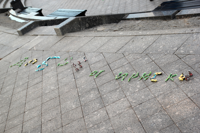 А потом там было много народа, которые рисуют, разрисовали нам деток
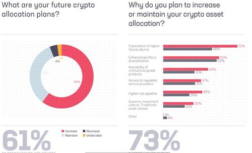 Over 61% of institutions plan to increase their cryptocurrency investments, while 55% hold a bullish short-term outlook, Swiss crypto banking group Sygnum said in a report released on Tuesday.
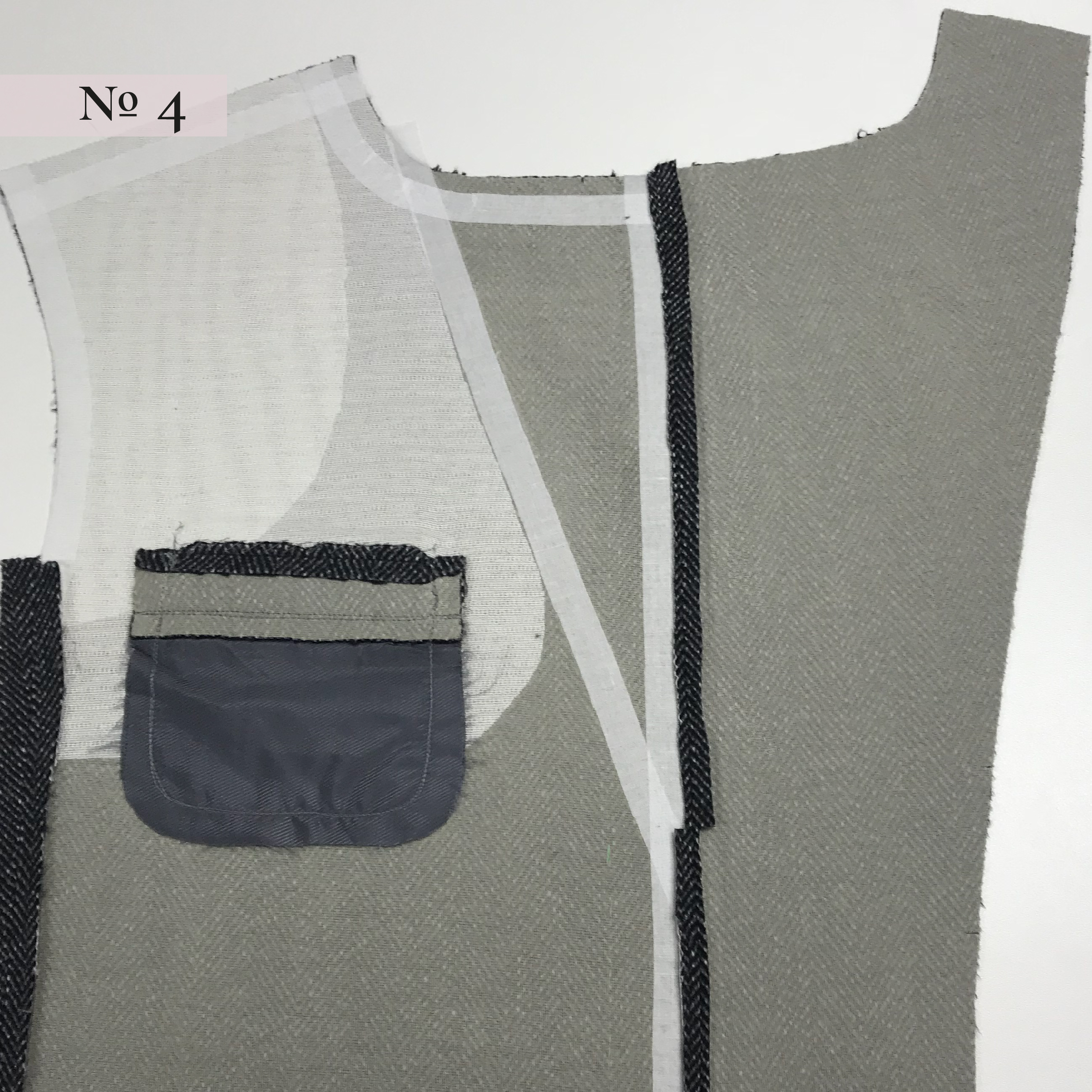 В толстых тканях при обтачивании деталей припуск очень сильно пролегает на лицевую сторону и пропечатывается. Чтобы сделать край тоньше и более плоским, припуски подрезают сначала вместе до 5 мм, потом только нижней детали до 1-2 мм, т.е. ступенькой (рис. 4). Так не будет резкого перехода и сильного утолщения. А верхний более широкий припуск закроет подрезанный нижний. Уголки также высекаются, не доходя до строчки 1-2 мм.
· · ·
**Work required:**
Could you give the material again exactly as it stands, omitting any image?

**Solution for this exercise:**
 А потом там было много народа, которые рисуют, разрисовали нам деток
 Over 61% of institutions plan to increase their cryptocurrency investments, while 55% hold a bullish short-term outlook, Swiss crypto banking group Sygnum said in a report released on Tuesday.
 В толстых тканях при обтачивании деталей припуск очень сильно пролегает на лицевую сторону и пропечатывается. Чтобы сделать край тоньше и более плоским, припуски подрезают сначала вместе до 5 мм, потом только нижней детали до 1-2 мм, т.е. ступенькой (рис. 4). Так не будет резкого перехода и сильного утолщения. А верхний более широкий припуск закроет подрезанный нижний. Уголки также высекаются, не доходя до строчки 1-2 мм.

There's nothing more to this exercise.